Eric'o'theque

Eric Richards' place of techno (as in technology) happiness, rants, and corporate love.

Browsing Posts published in April, 2006

Ah, I wondered what Adriana was doing… Formotus – eforms in motion

From The Duke Blog: Microsoft InfoPath! Another WoW!

A rewarding quote:

I can create a form that will run right out of a SharePoint page, and store the
data entered right into an access database! Sweet! I bet I build my first form
for my group by the end of next week! I never thought I would say this, but
Microsoft is onto something!

Thanks, Duke.

I do my best to take a short walk any day that we have great weather on the Microsoft campus. This time of year especially gives me a chance to enjoy all the flowers and to stroll along the wet-land path and remember Beau and the walks we had together back when I had just started working at Microsoft.

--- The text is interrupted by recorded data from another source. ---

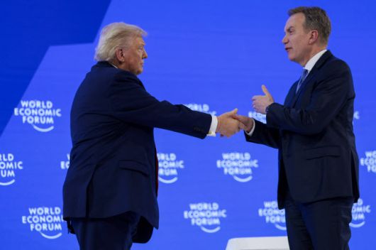 도널드 트럼프 미국 대통령이 지난 21일(현지시간) 스위스 다보스에서 열린 제56회 세계경제포럼(WEF) 연례회의에서 보르게 브렌데 WEF 회장 겸 최고경영자(CEO)와 악수하고 있다. (사진=로이터) |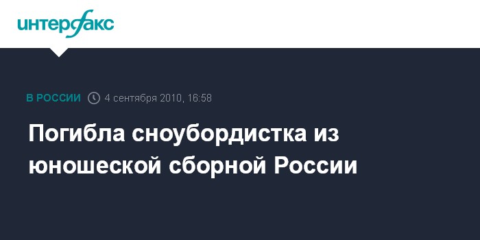 Женева. 4 сентября. INTERFAX.RU - Сноубордистка из юношеской сборной России скончалась в результате тяжелой травмы, полученной во время тренировки на одной из спортивных баз на юго-западе Швейцарии. По информации СМИ, погибла 14-летняя Полина Петраченко. Инцидент произошел в минувшую пятницу во время тренировки в спортивном лагере на горнолыжном курорте Саас-Фэ в кантоне Вале.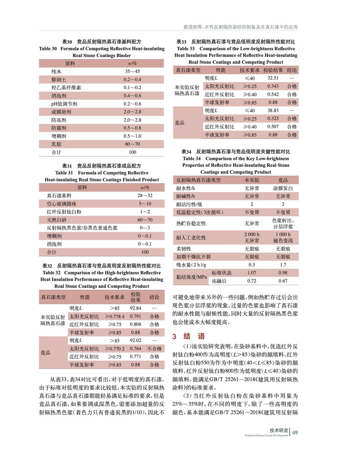 摘要:研究了不同的顏填料種類以及用量對反射隔熱染砂的耐磨性、耐水性、耐溶劑性、耐人工老化性以及反射隔熱性能的影響。結果表明:當紅外反射鈦白粉用量在25%~35%(質量分數,后同),人工染砂乳膠用量在40%~45%,雜化交聯劑用量在0.1%~0.15%,與天然雪花白進行染色處理,其制得的反射隔熱染砂,不僅具有優異的機械穩定性、顏色均勻度,而且具有優異的貯存穩定性、耐水性、耐酸性、耐堿性和耐人工老化性,添加在真石漆中具有優異的反射隔熱性能。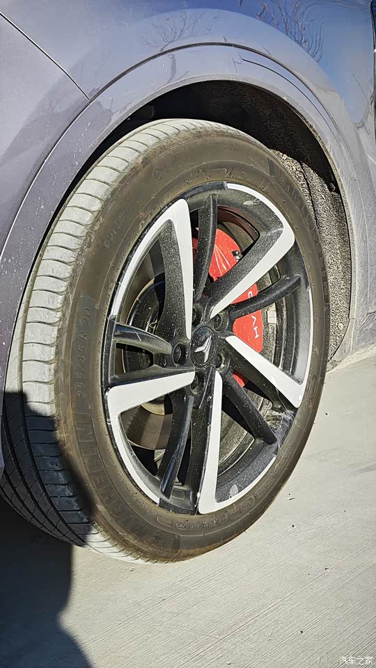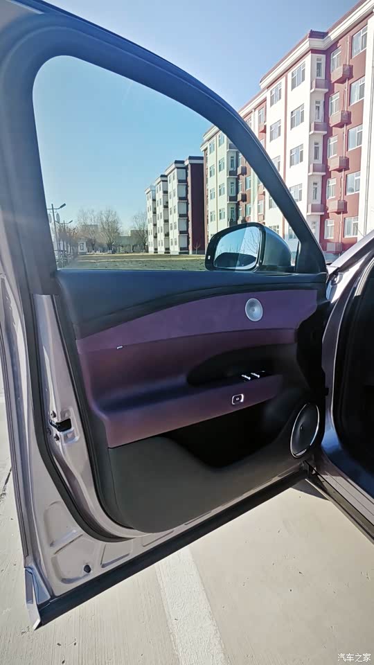 外观我选了琉璃紫,展厅灯下看着有点珠光,太阳底下是深紫,收着劲不跳,光线暗一点或者灯一打又透出蓝紫的味道,质感立起来了,车长接近5米,整条侧面是游艇那种顺着走的线,气场有,精神也有,20英寸轮毂样式跟车身LOGO有呼应,细节还算够,隐藏式门把手用久了就顺,靠近弹出来,锁车收回去,干净利落。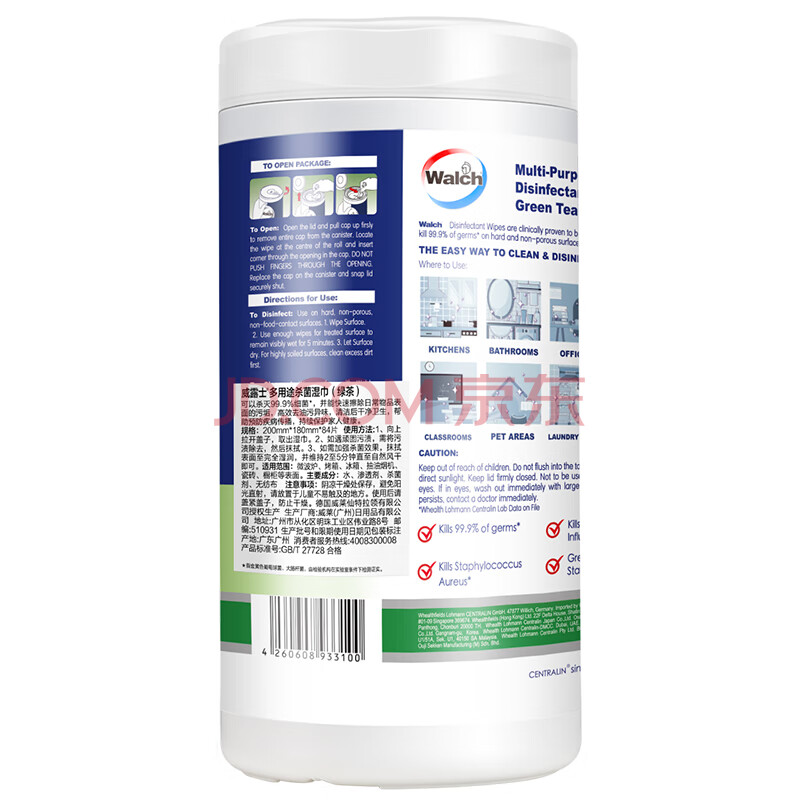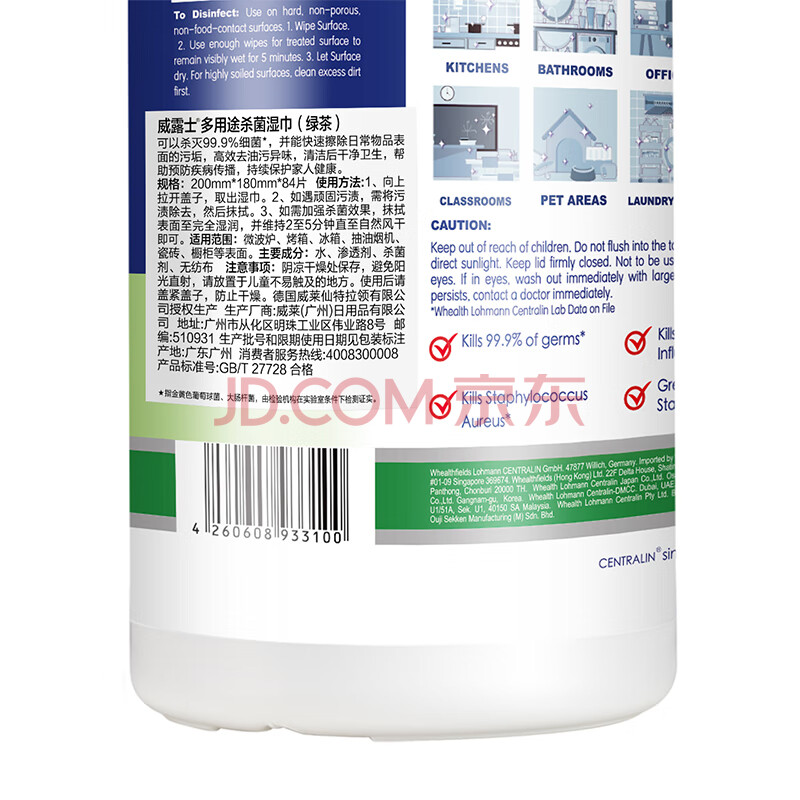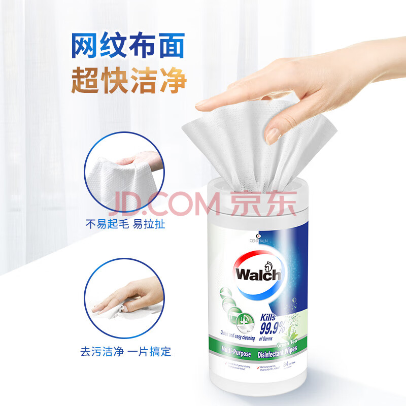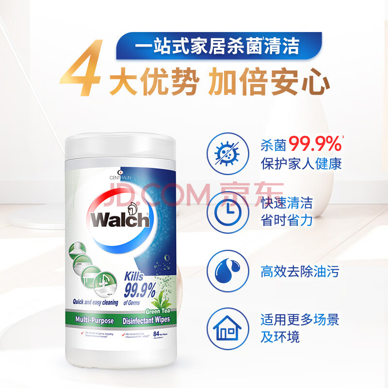 商品相册:威露士多用途杀菌湿巾 绿茶84片*1筒 高效去油污 有效杀菌99.9%第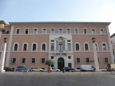The palace served as the final residence of painter Raphael until his death in 1520, marked by a commemorative marble inscription on its facade.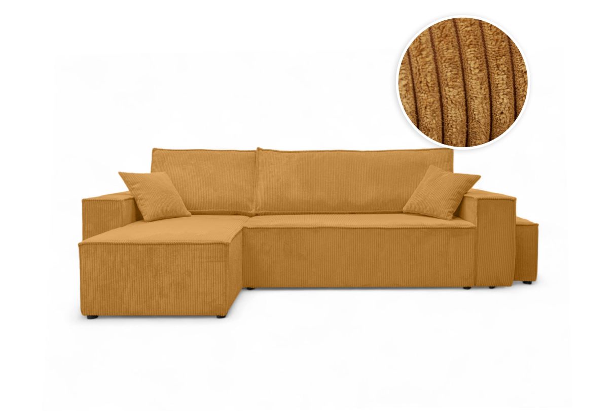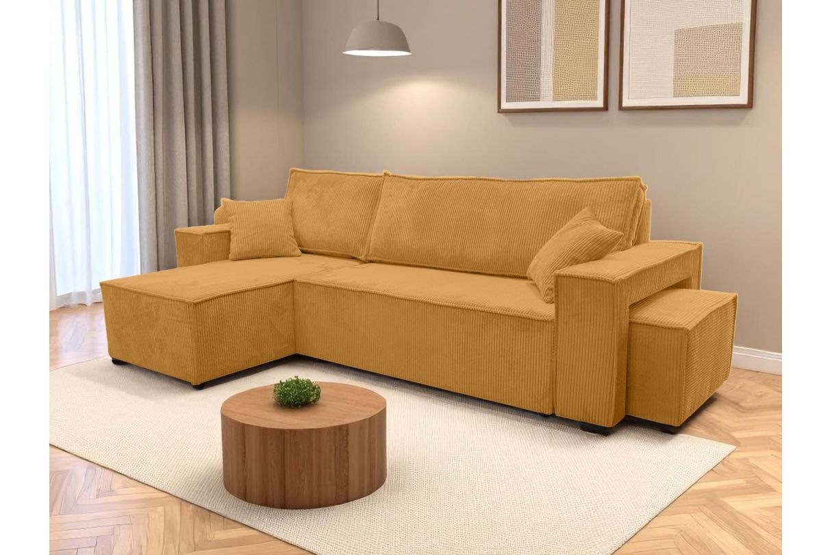 | Libellé | Canapé FARAH d'angle réversible et convertible 4 places avec un pouf en velours côtelé - Jaune |

Today we had an event: Chinese President Hu coming to visit. Always a good chance to wander about and be a lookie-loo.

Well, the lookie-loo quotient had been exceeded by the time I reached the fun-spot across the street from building 36 and the police had yellow-taped my intended path. So my walk to the 16 cafeteria turned into a diversion.

I went around on the edge of the exercise field and came up behind some of the established protest areas. The main protest group, as far as I could decipher, was Falun Gong.

So I walked around, looking for the snipers manning the roofs. No luck. Walking down towards 40th one lady, not in a jogging outfit, broke-out in a run towards the circus. Not a good move. A security officer asked her to stop and walk around the taped off areas.

The Executive Briefing center was all made up – good thing it was such a pretty day. Big huge red banners with Chinese writing and nice red tapestry adorning the entryway.

So, it’s about 6pm and all seems well. Let me look at the window and see if Redmond’s scary armored vehicle is still there… yep. Here’s hoping that I won’t head home just when the motorcade revs up.

I hope I never have the chance to describe my own adventure like this: ComputerZen.com – Scott Hanselman – Tracking down a Trojan

As of late, I’ve been using the tools more for tracking down why more computer is slow and who is dorking around scanning the disk.

This, too, could be an example of a trojan. My only hint that a fresh-installed Win2K machine was infected was when I looked at the upload / download rate (I was downloading the security patches) and mused: damn, sure is uploading a bunch more than it should… hmm… oh, no!

That’s been my only compromise. And I keep looking.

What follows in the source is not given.